When resistance is treated as one vague concept, leaders tend to fall back on generic fixes. More communication. More encouragement. Sometimes more pressure.
That rarely addresses what’s actually getting in the way.
The real risk isn’t resistance. It’s misplaced confidence.
The biggest risk for senior sponsors is not pushback. It’s believing the change is further along than it really is. Approving change is one responsibility. Measuring change progress as it unfolds is leadership.
When insight is delayed or overly simplified, leaders intervene late and broadly. By that point, the costs of hesitation, confusion, and friction are already embedded in the system.
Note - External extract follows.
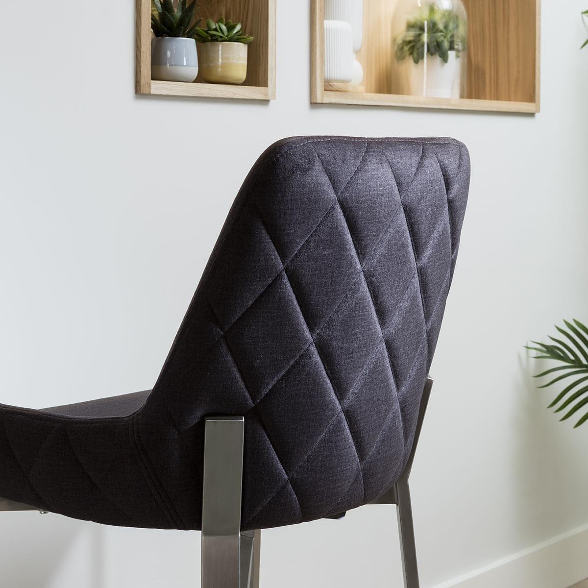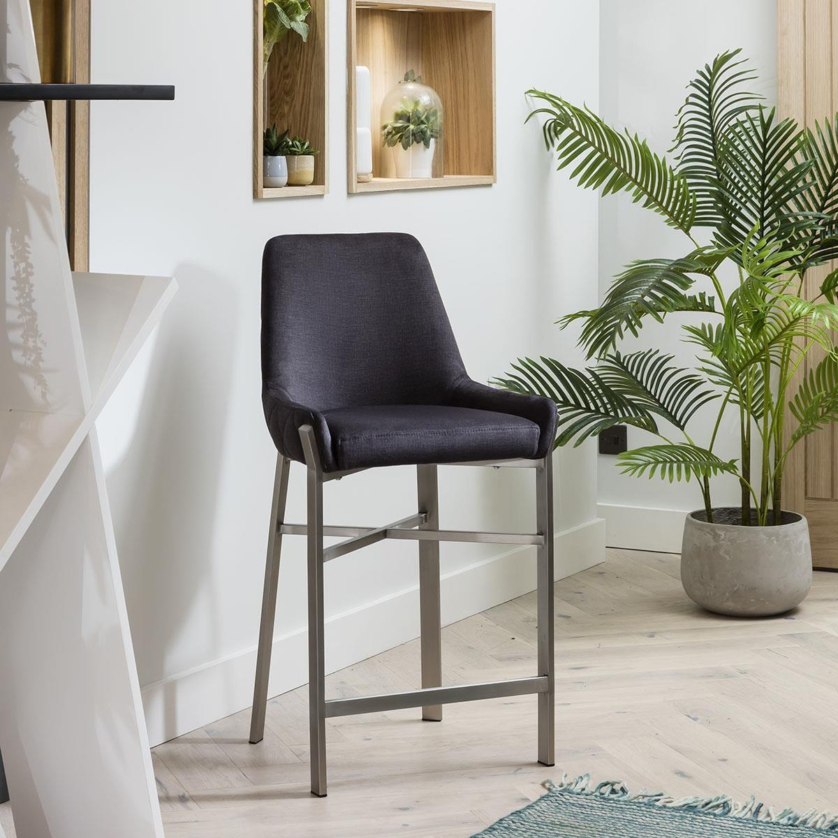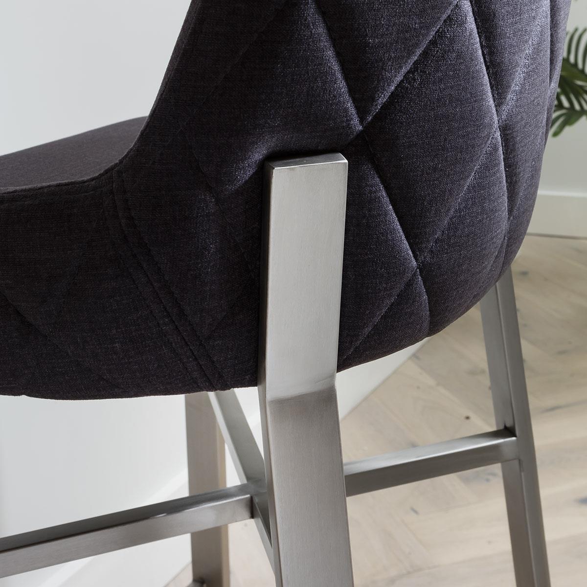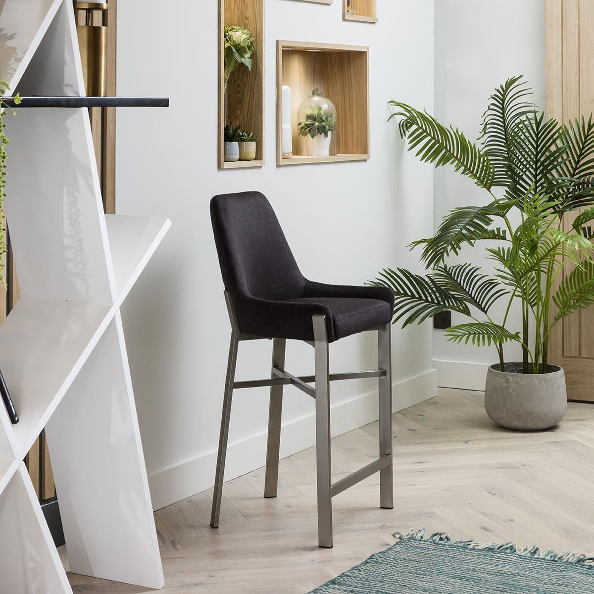 The perfect blend of modern design and optimal comfort, these kitchen bar stools with backs are designed to elevate your dining space. The bar stool features a unique carver style with low-profile arms, a sleek silhouette in premium charcoal grey fabric, highlighted by the quilted detail, and ultra-modern metal legs. Crafted for luxurious dining experiences, this stool is upholstered in a premium charcoal grey fabric that exudes sophistication. The diamond quilting adds a touch of luxury while the high-quality foam padding ensures a comfortable seating experience, even during extended gatherings. Accentuating its ultra-modern appeal are the brushed metal modern legs. The chair's distinctive leg design not only adds visual intrigue but also enhances stability. With a variety of colors to choose from, you can effortlessly complement your existing decor or create a bold statement by mixing and matching. Elevate your dining area with the epitome of contemporary design and comfort. Our Ultra-Modern Carver Style Bar Stool is a true masterpiece, harmonising form and function with its distinctive silhouette, premium fabric, and unique leg design. Make a statement in style and comfort at every meal. W55cm D47cm H101cm Seat Height 69cm Modern Kitchen Bar Stool With Back

Many transformations struggle for exactly this reason. Not because leaders didn’t care, but because they didn’t have a clear, timely view of what was actually happening.
What’s missing isn’t another framework.
It’s earlier truth.
Why we built the Change Progress Meter
We built the Change Progress Meter while working through a real transformation ourselves.
We needed a clearer line of sight between leadership intent and everyday experience. Not after the fact, but while decisions could still be adjusted.
What we found was simple. When you replace long, retrospective surveys with short, neutral conversations, people are more honest. They explain what’s working, what isn’t, and why.
That doesn’t give leaders certainty.
It gives them something more useful: clarity early enough to act.
The aim was never to judge individuals.
It was to spot patterns before they turned into problems.
Making things visible earlier
The Change Progress Meter uses short, structured interviews that take minutes, not weeks. AI enables them to run at scale. The value lies in the clarity they generate. Repeated regularly, they allow leaders to see movement over time rather than relying on snapshots.
Those conversations reveal:
- where people think the change is
- where they experience themselves within it
- what’s helping or slowing progress
- and what kind of resistance, if any, is present
The insight is structured using well-established change thinking, then presented in a way senior leaders can actually use. It gives leaders a way to measure change progress across the system, not just report on activity.
It becomes possible to see where plans and reality are diverging, which groups need attention, and whether interventions are making a difference.
The conversation shifts from “people issues” to execution.
Steering while there’s still room to adjust
Used well, the Change Progress Meter doesn’t replace leadership judgement. It supports it.
It helps leaders:
- step in earlier rather than escalating later
- focus on the right issues, not the loudest ones
- test whether actions are helping or just creating noise
It doesn’t promise smooth change.
It makes change more navigable.
If you like the sailing metaphor, it’s the difference between trusting the route you planned and checking the instruments to see how the boat is actually moving through the water.